- _Exercise_: In the material below, begin at the line that has "英鎊/美元:截止北京時間21", stop after the line that has "刘平峰教授教学团队(肖静老师", and transcribe those lines exactly, without pictures.
┌─ Excerpted records
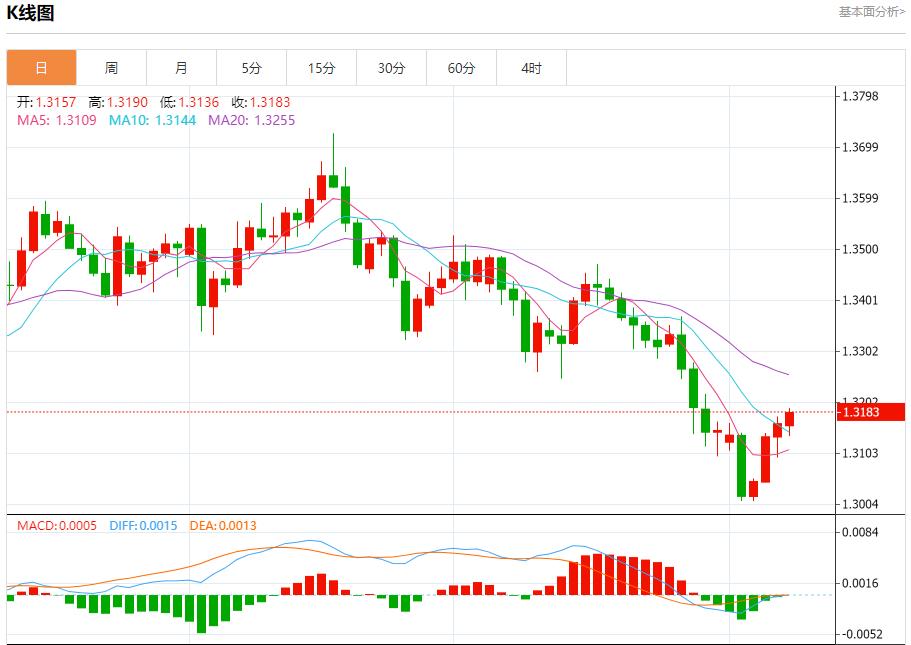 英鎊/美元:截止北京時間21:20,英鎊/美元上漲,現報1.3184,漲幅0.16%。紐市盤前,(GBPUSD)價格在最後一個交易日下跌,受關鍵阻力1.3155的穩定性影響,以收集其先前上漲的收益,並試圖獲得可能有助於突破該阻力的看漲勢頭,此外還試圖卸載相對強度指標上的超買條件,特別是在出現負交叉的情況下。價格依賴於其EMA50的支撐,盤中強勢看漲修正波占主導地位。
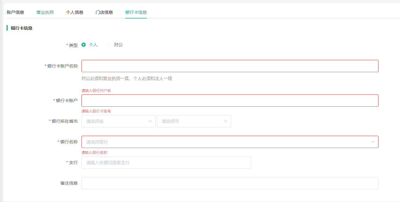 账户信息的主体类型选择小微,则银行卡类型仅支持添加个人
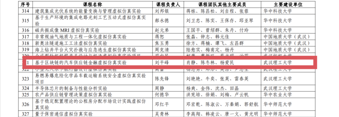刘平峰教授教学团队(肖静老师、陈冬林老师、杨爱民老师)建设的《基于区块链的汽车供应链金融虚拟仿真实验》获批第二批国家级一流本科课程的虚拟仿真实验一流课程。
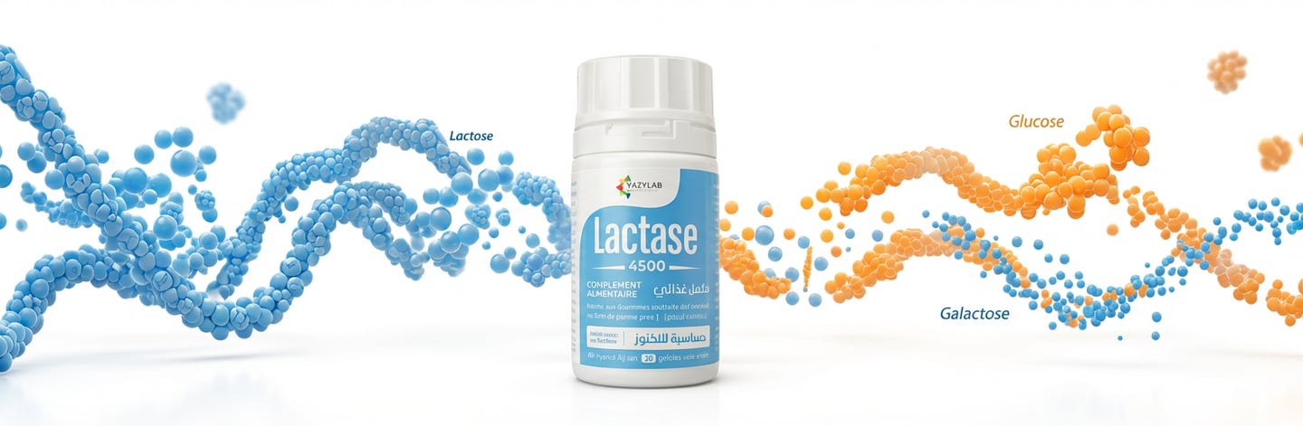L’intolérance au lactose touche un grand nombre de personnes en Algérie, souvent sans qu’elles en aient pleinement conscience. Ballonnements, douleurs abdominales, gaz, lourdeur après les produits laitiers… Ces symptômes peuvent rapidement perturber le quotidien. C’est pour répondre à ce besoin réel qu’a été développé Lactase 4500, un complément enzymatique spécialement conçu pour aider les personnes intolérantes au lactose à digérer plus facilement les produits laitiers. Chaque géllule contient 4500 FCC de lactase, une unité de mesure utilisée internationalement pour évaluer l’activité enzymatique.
└─
┌─ Excerpted records
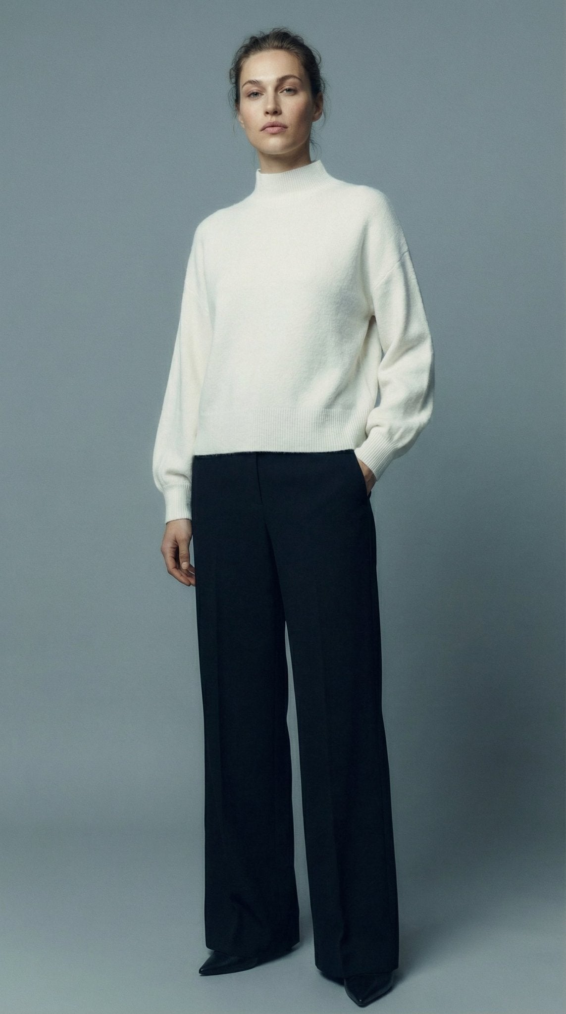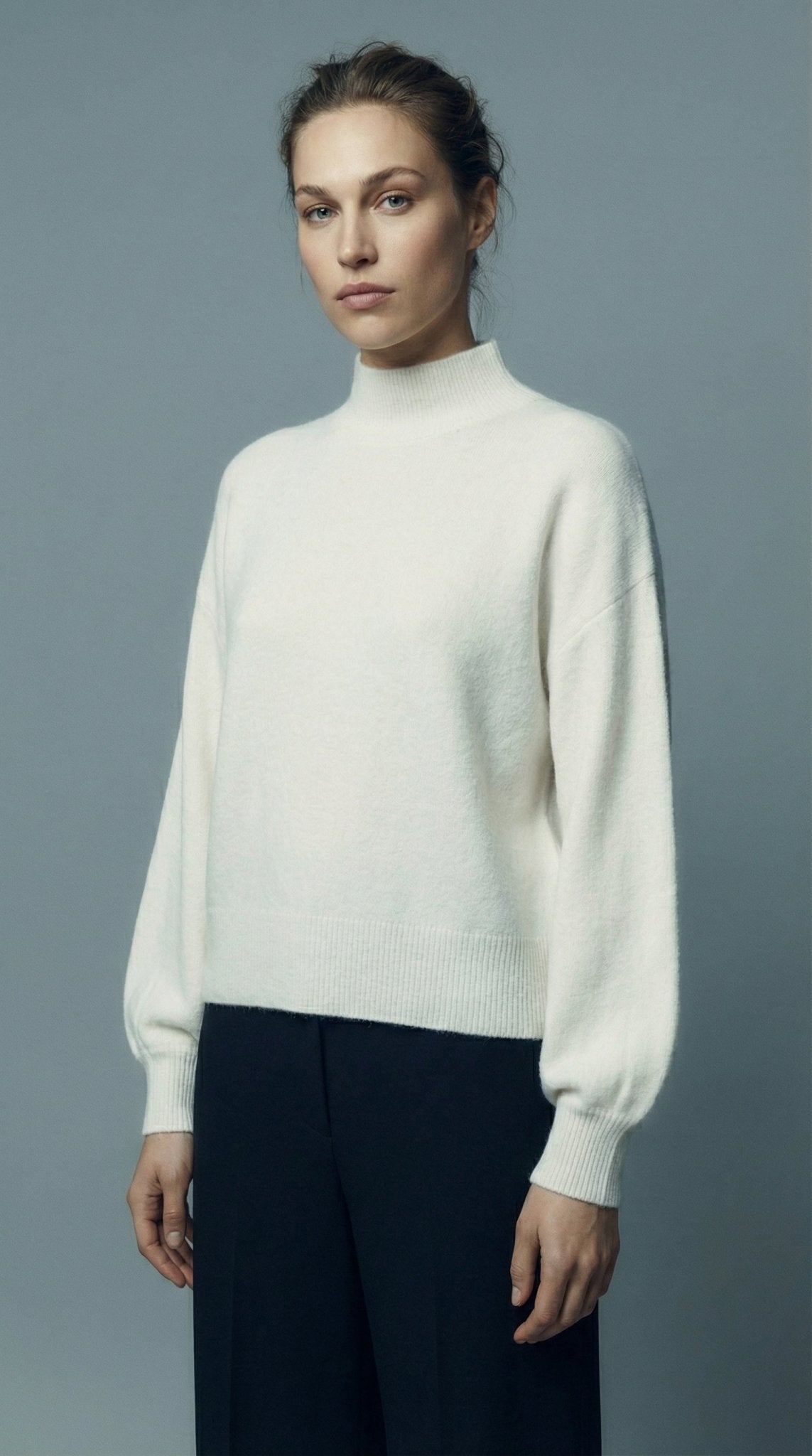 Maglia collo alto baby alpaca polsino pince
└─
- _Answer for this exercise_:
 英鎊/美元:截止北京時間21:20,英鎊/美元上漲,現報1.3184,漲幅0.16%。紐市盤前,(GBPUSD)價格在最後一個交易日下跌,受關鍵阻力1.3155的穩定性影響,以收集其先前上漲的收益,並試圖獲得可能有助於突破該阻力的看漲勢頭,此外還試圖卸載相對強度指標上的超買條件,特別是在出現負交叉的情況下。價格依賴於其EMA50的支撐,盤中強勢看漲修正波占主導地位。
 账户信息的主体类型选择小微,则银行卡类型仅支持添加个人
刘平峰教授教学团队(肖静老师、陈冬林老师、杨爱民老师)建设的《基于区块链的汽车供应链金融虚拟仿真实验》获批第二批国家级一流本科课程的虚拟仿真实验一流课程。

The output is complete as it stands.